### [Source data]
********************
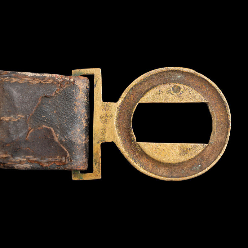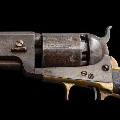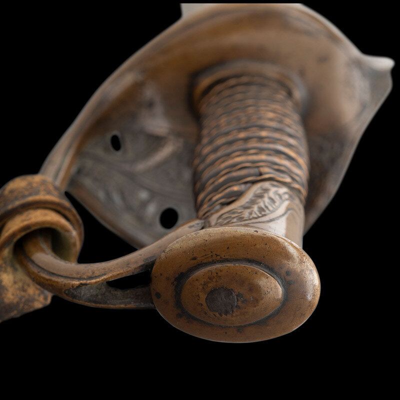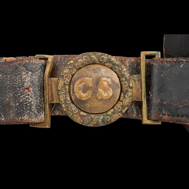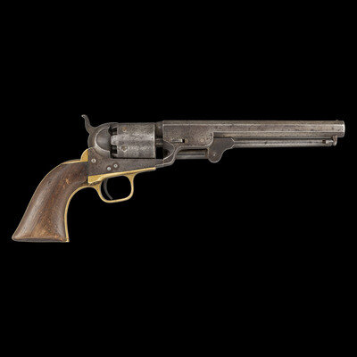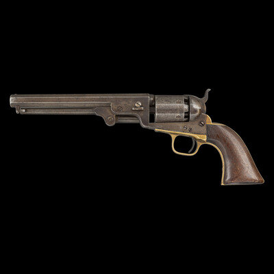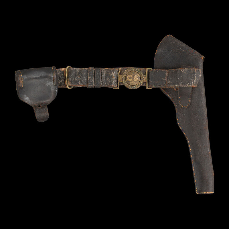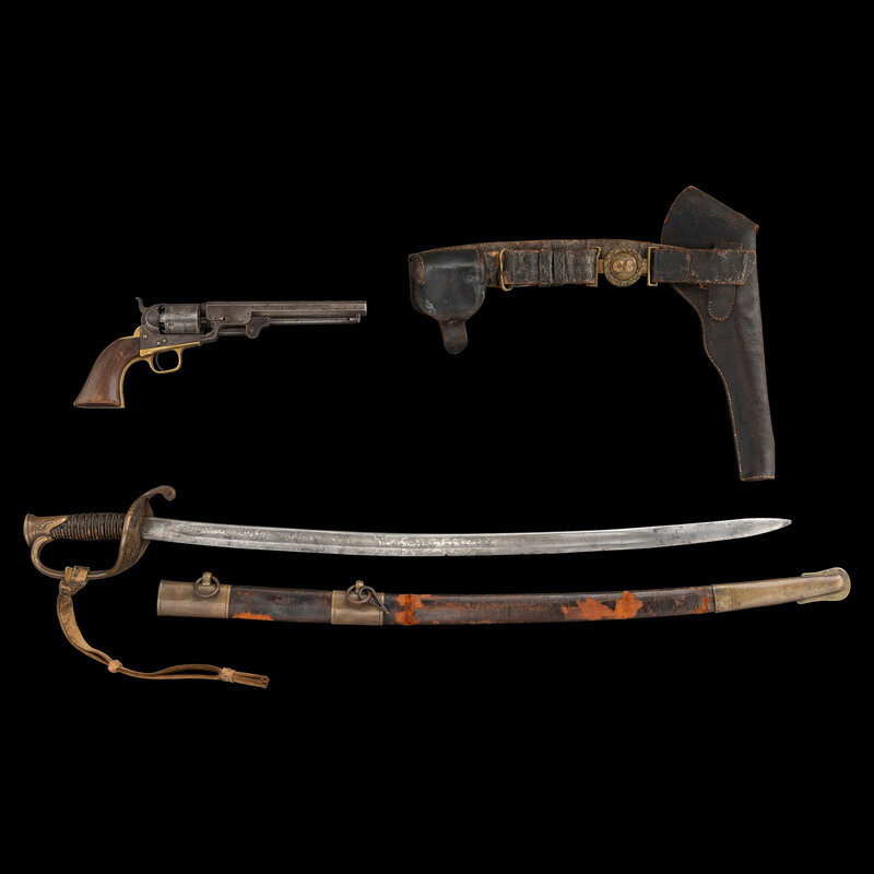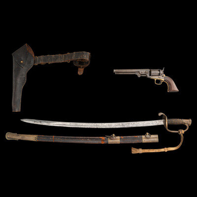 The Mobile produced sword has a slightly curved, single-edged 29.25" blade with a nominally 22" unstopped median fuller. The blade features nominally 18" etched panels on each side with flowing foliate patterns and the presentation noted above. The sand cast brass hilt is decorated with flowing foliate themes on the face of the guard, as well as the letters CS and has a simple grooved knuckle bow. The grip is of grooved polished wood with fourteen wraps of twisted wire. A blackened buff leather sword knot is attached to the guard. The sword is accompanied by a brass mounted leather scabbard with a central rear seam with the throat attached by two pins on the reverse. Suspension rings are attached to the upper and middle mounts. Included in the grouping are a folded and sewn leather belt attributed to Leech & Rigdon with a two-piece sand cast CS tongue and wreath plate (Mullinax #047) which has a US cap pouch marked DINGEE & LORIGAN/MAKERS/NEW YORK attached to it, along with a flap holster for a Colt Navy revolver. A civilian Colt Model 1851 Navy Revolver is also included with the archive. The revolver is .36 caliber with a 7.5" octagonal barrel and is serial number 125278, indicating production in 1862. The revolver retains no finish, has the standard one-line New York address of that period and all visible serial numbers match. The wedge and wedge screw are replacements, as is the loading lever retention screw. The initials RM are scratched into the butt of the revolver.
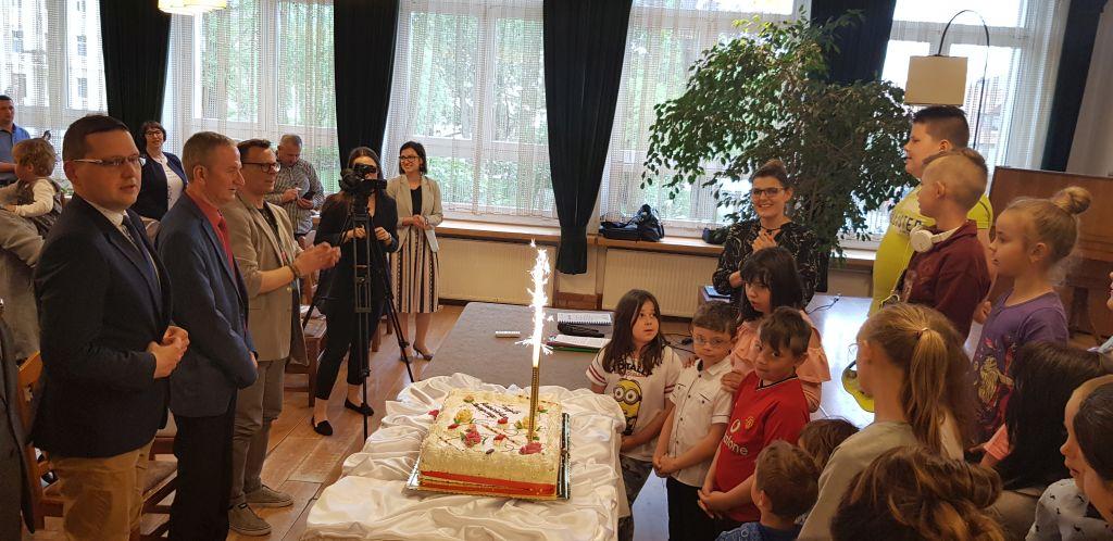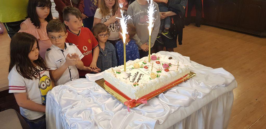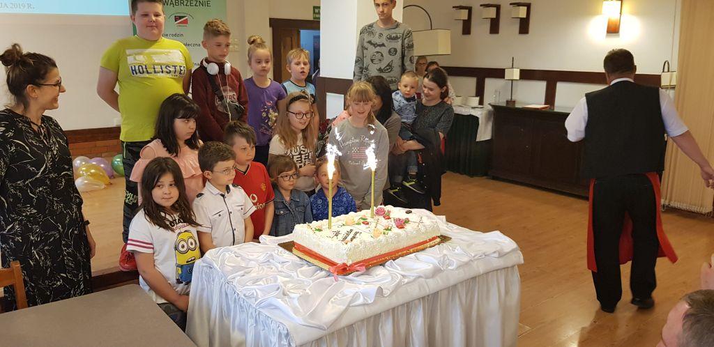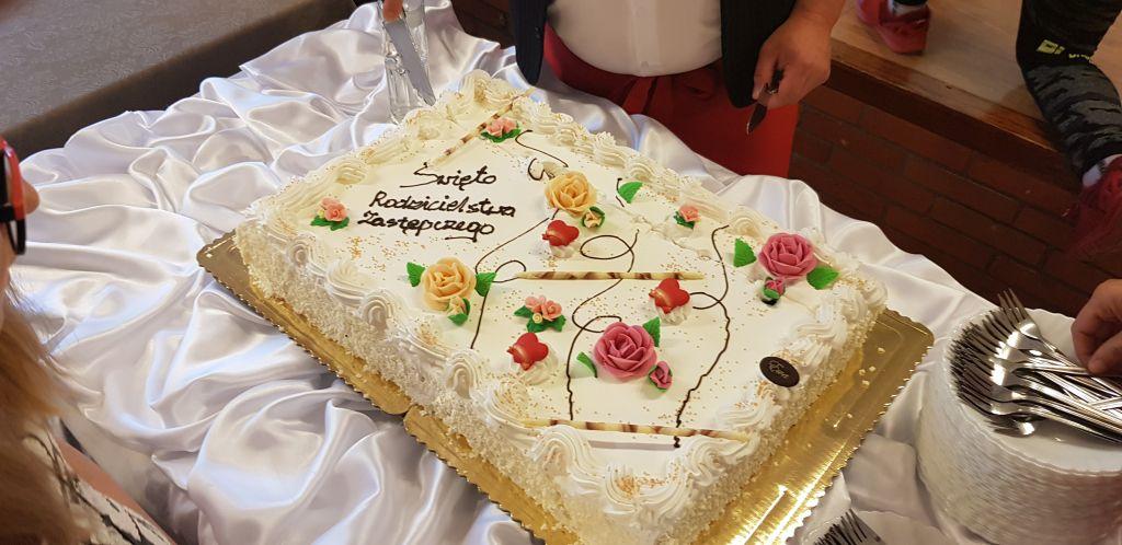 W części oficjalnej spotkania przybyłe rodziny zastępcze otrzymały Podziękowania oraz kwiaty, jako wyraz wdzięczności za ich codzienną pracę na rzecz swoich podopiecznych. Punktem kulminacyjnym spotkania był tort ufundowany przez Powiatowe Centrum Pomoczy Rodzinie w Wąbrzeźnie, którym poczęstowano wszystkich uczestników.
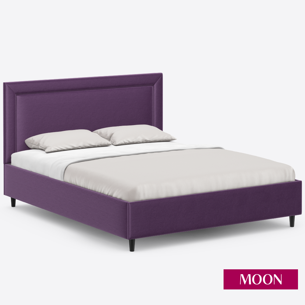 Кровать двуспальная без подъемного механизма на ножках, MOON FAMILY 1258, размер 180х200 см, велюр фиолетовый. Ортопедическое основание в комплекте
********************
### [Task prompt]
Each line from the one containing "W części oficjalnej" through the last line of the listing must be copied exactly, and the pictures must not be.

### [Answer to this problem]
 W części oficjalnej spotkania przybyłe rodziny zastępcze otrzymały Podziękowania oraz kwiaty, jako wyraz wdzięczności za ich codzienną pracę na rzecz swoich podopiecznych. Punktem kulminacyjnym spotkania był tort ufundowany przez Powiatowe Centrum Pomoczy Rodzinie w Wąbrzeźnie, którym poczęstowano wszystkich uczestników.
 Кровать двуспальная без подъемного механизма на ножках, MOON FAMILY 1258, размер 180х200 см, велюр фиолетовый. Ортопедическое основание в комплекте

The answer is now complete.